Pytorch Code for our paper at IEEE BIBM 2023: Exploring Post-Training Quantization of Protein Language Models [arXiv]

Requirements

The code was verified on Python-3.8.15, PyTorch-1.13.1, Transformers-4.27.1

pip install -r requirements.txt

Usage

Check PTQ4Protein at piecewise_quant/piecewise.py

Task 1: Protein Structure Prediction (Supervised)

  • Entering Task Dir
cd structure_prediction/scripts
  • Quantizing ESMFold Model
# only quantize model weights
python quant_weis.py

# only quantize model activations
python quant_acts.py

# quantize both model weights and activations
python quant_full.py
  • Evaluating Quantized ESMFold Model
# evaluate quantization of model weights
python eval_quant_weis.py

# evaluate quantization of model activations
python eval_quant_acts.py

# evaluate quantization of both model weights and activations
python eval_quant_full.py

Evaluation results would be printed on the command-line and prediction results would be saved at ../data/output/ dir.

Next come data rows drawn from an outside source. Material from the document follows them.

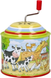 Glazbena kutija ukrašena je šarenom ilustracijom farme s likovima kao što su krave, konji, mačke i kokoši.
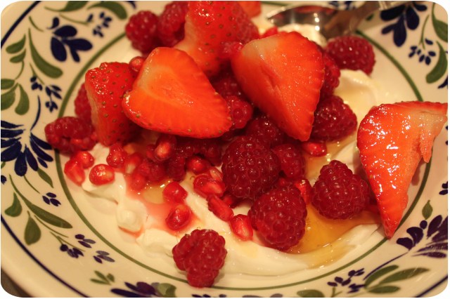 Topped with strawberries, raspberries and pomegranate. Delicious.
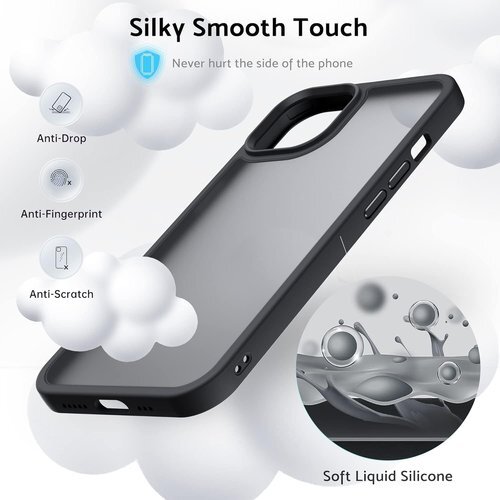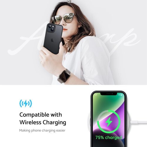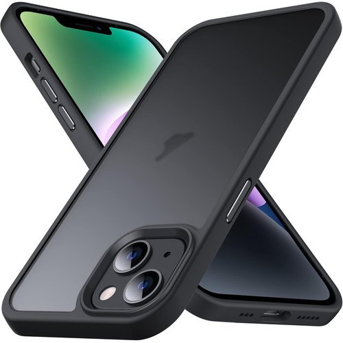 Anqrp iPhone 14 Plus 用 ケース 半透明 耐衝撃 滑り止め 米軍MIL規格 指紋防止 マットケース ストラップホール付き ワイヤレス充電対応 スマホケース アイフォン 14 Plus カバー 6.7インチ ブラック 983
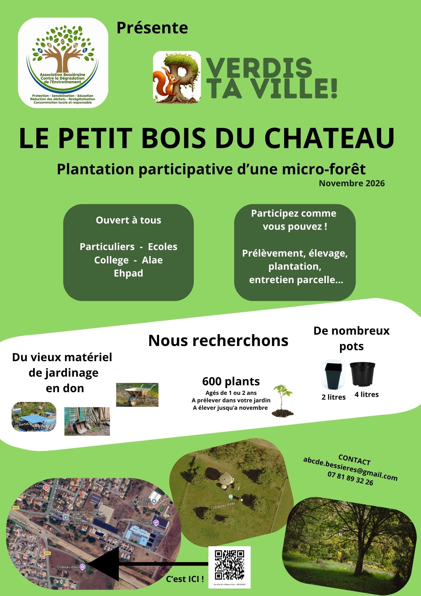 La plantation d'une micro-forêt est prévue, à Bessières, en novembre 2026. Les écodélégués du collège participent à ce projet proposé par l'association ABCDE et vous proposent de vous joindre à eux.
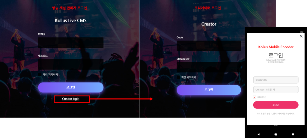 Kollus 라이브의 채널 사용, 혹은 접근 권한은 관리자를 제외하고 기본적으로 세 개의 크리에이터 계정을 생성할 수 있습니다. 단 이 계정은 각 계정에 할당된 방송을 위한 채널 리소스 사용에 한정되어 있으며 관리자 권한을 대행할 수는 없습니다.
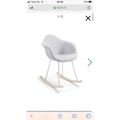 Ik ben aan het wacht op mijn bestelling van Leenbakker. 106 euro dacht ik. Indien die niet goed zit gaan we die van Quax kopen, rocking chair. Deze foto is leenbakker.

Task 2: Protein Contact Prediction (Unsupervised)

  • Entering Task Dir
cd contact_prediction/scripts
  • Quantizing ESM2 Model and Evaluating Quantized Model
# only quantize model weights
python quant_weis.py

# only quantize model activations
python quant_acts.py

# quantize both model weights and activations
python quant_full.py

Evaluation results would be printed on the command-line.

Cite Our Work

@inproceedings{peng2023protein,
  title={Exploring Post-Training Quantization of Protein Language Models},
  author={Peng, Shuang and Yang, Fei and Sun, Ning and Chen, Sheng and Jiang, Yanfeng and Pan, Aimin},
  booktitle={2023 IEEE International Conference on Bioinformatics and Biomedicine (BIBM)},
  year={2023},
  organization={IEEE}
}

Reference

The work of PWLQ has given us great inspiration. Here is the code and paper of PWLQ.

https://github.com/jun-fang/PWLQ

PyTorch Code: Post-Training Piecewise Linear Quantization for Deep Neural Networks [Paper] [arXiv]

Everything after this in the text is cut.